The impact of this acquisition on those clients may depend on their position within the industry. Stephen Galloway, dean of Chapman University’s Dodge College of Film and a 30-year veteran of The Hollywood Reporter, suggested talent with established creative infrastructure, be that a known body of work or a production deal, will fare better than creatives struggling to obtain a foothold in the industry.
“Within the agency business, there’s been this perception that bigger is better,” Galloway said. “If you are Shonda Rhimes or Ryan Murphy, it might be true because all the agents’ assets are marshalled on your behalf. But if you’re a small struggling client who wants to get attention, it becomes that much harder to get that level of personalized attention.”
CAA pioneered the use of packaging, an industry practice of bundling talent to bring a project together, in the 1970s. The tactic increasingly financially benefited agencies and gave them greater power in the world of production while harming creatives.

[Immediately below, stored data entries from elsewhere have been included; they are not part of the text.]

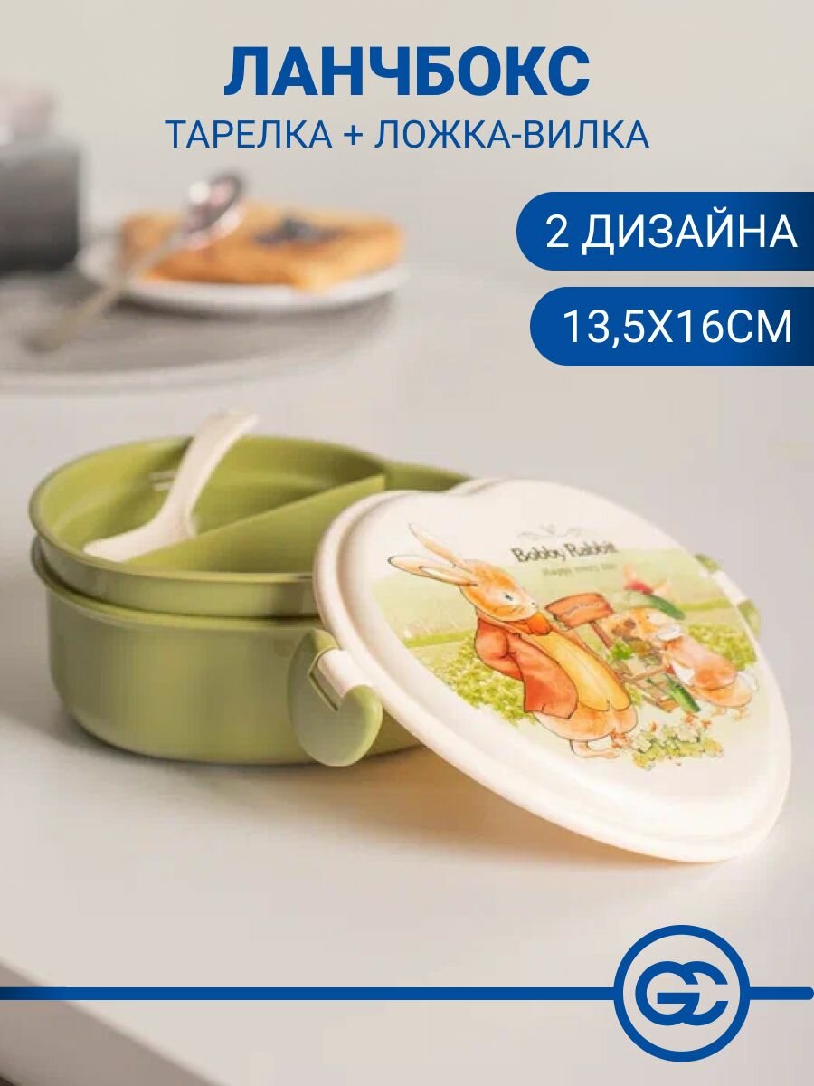 Купить Ланч-бокс в форме сердечка "Зайчата", тарелка, ложка-вилка,13,5х16 см, пластик
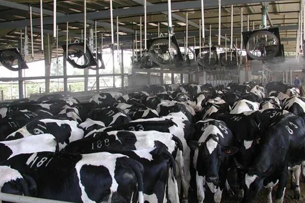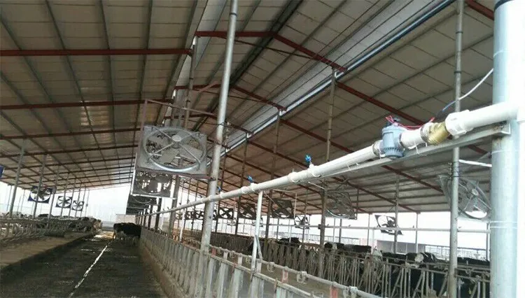 Spraying Cooling System is the most practical and effective cooling way for poultry house. It sprays the small water-drop (not water mist) to cow or pig’s back to wet its skin. Then, the water absorbs heat on the cow or pig while evaporating into vapor to achieve cooling function. This Spraying system is mainly used for cooling down cow or pig itself temperature, not the cow house or pig house temperature.
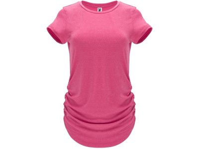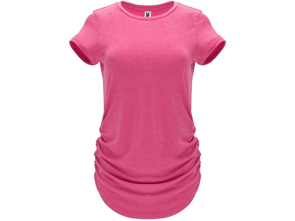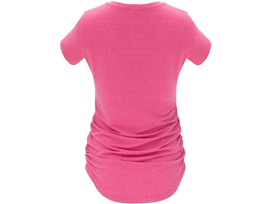 Спортивная футболка с коротким рукавом для женщин. Полотно из полиэстера на ощупь напоминающее хлопок. Круглый вырез горловины обработан бейкой из того же полотна. Эластичная драпировка по боковым швам для лучшей посадки по фигуре. Узкий силуэт.
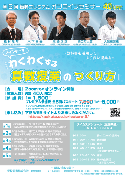 学校図書株式会社(本社:東京都北区 代表取締役社長 芹澤克明)は、2020年9月から全5回の算数オンラインセミナーを開催いたします。
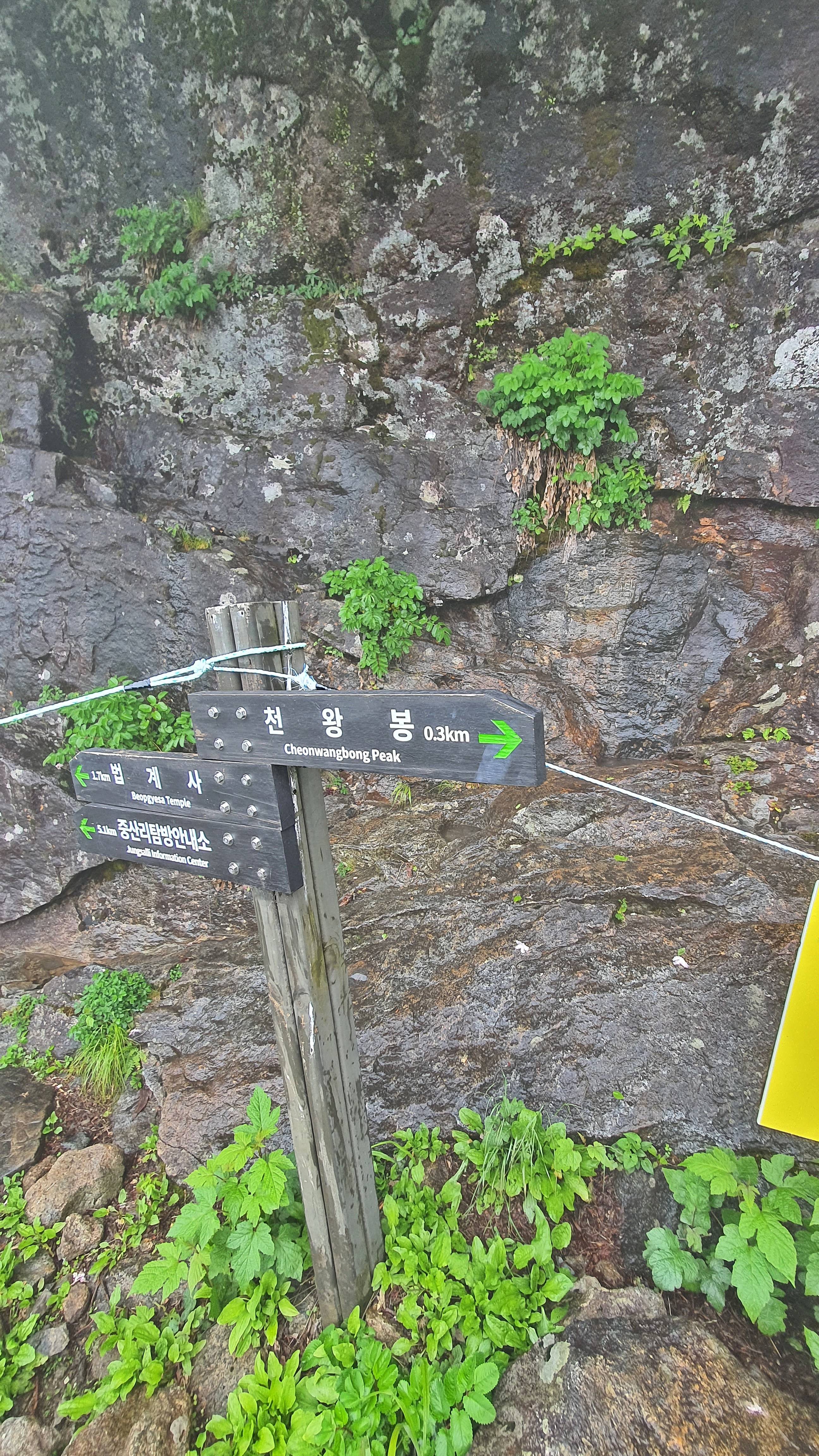 천왕봉 서쪽 암벽에는 하늘을 받치는 기둥이라는 의미의 天柱(천주)라는 음각 글자가 있다.
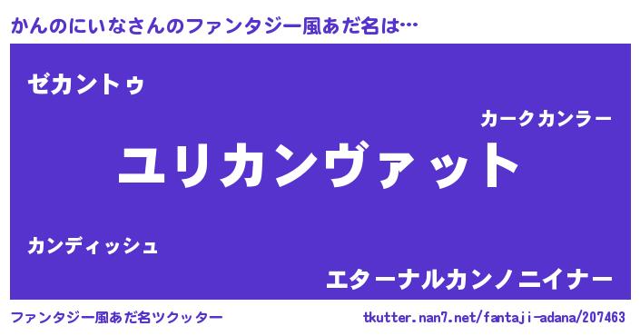 | 欧米人風あだ名 | 『トリンドルかんのにいな』 |
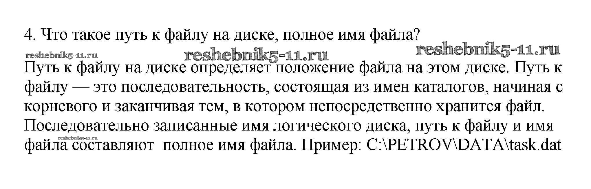 Готовая домашняя работа с ответами по Информатике за 7 класс Семакин, Залогова, Русаков, Шестакова Учебник Бином 2017 ФГОС - §11. О файлах и файловых структурах 4

CAA resolved a longstanding dispute with the Writers Guild of America in December 2020 over packaging fees, agreeing to phase them out completely by 2022. But an industrywide prevalence of agency ownership by private equity firms, like TPG’s of CAA, continues to risk conflicts of interest as those firms acquire related businesses and impact agents’ basic operational objectives — to find jobs and negotiate pay for their clients.
The merger of the two companies combines the star wattage of CAA’s talent pool with ICM’s strengths in publishing books and graphic novels, which supplies a reservoir of content from which to draw, and multihyphenate writer-producer-personalities, such as Ellen DeGeneres, which can be plugged into a multiplicity of projects.
Its increased size and client list also offers the agency additional leverage in negotiations with studios such as Walt Disney Co., which controls Pixar, Lucasfilm and 20th Century Studios, among other content platforms.
“You’ve got now not an 800-pound gorilla and a little monkey, but two 800-pound gorillas on either side of the table,” said Galloway. “And inevitably, when you’re sitting there representing half the talent of Hollywood, a studio has to tread a bit more carefully.”
CAA navigates an industry in tumult as it adapts to pandemic restrictions and the effects of streaming services on traditional norms and profit centers.
The company drew attention for championing its clients against studios when Lourd issued a public statement in July supporting Scarlett Johansson, whom he represents, in her lawsuit against Walt Disney Co. over the streaming release of “Black Widow.”
After Disney claimed Johansson’s suit had “no merit,” Lovett defended her, saying, “Disney’s direct attack on her character and all else they implied is beneath the company.”
On Sept. 30, the parties resolved the lawsuit with a settlement. Terms were not disclosed, but the outcome will likely have greater implications going forward for performer contracts.
In an interview with Variety hours after the news of the agencies’ merger broke, Lovett exuded confidence that even a monolithic organization like CAA — whose Century City headquarters are nicknamed “the Death Star” after the planet-destroying space station from “Star Wars”— can adjust to the changing demands of the entertainment landscape.
“We have more resources as a result of working together for clients than ever before,” Lovett told Variety. “And in that is the need for clients to have really strong committed advocacy in order to support the business, and ever more resources because they have ever more opportunities. And we’re laser-focused on that.”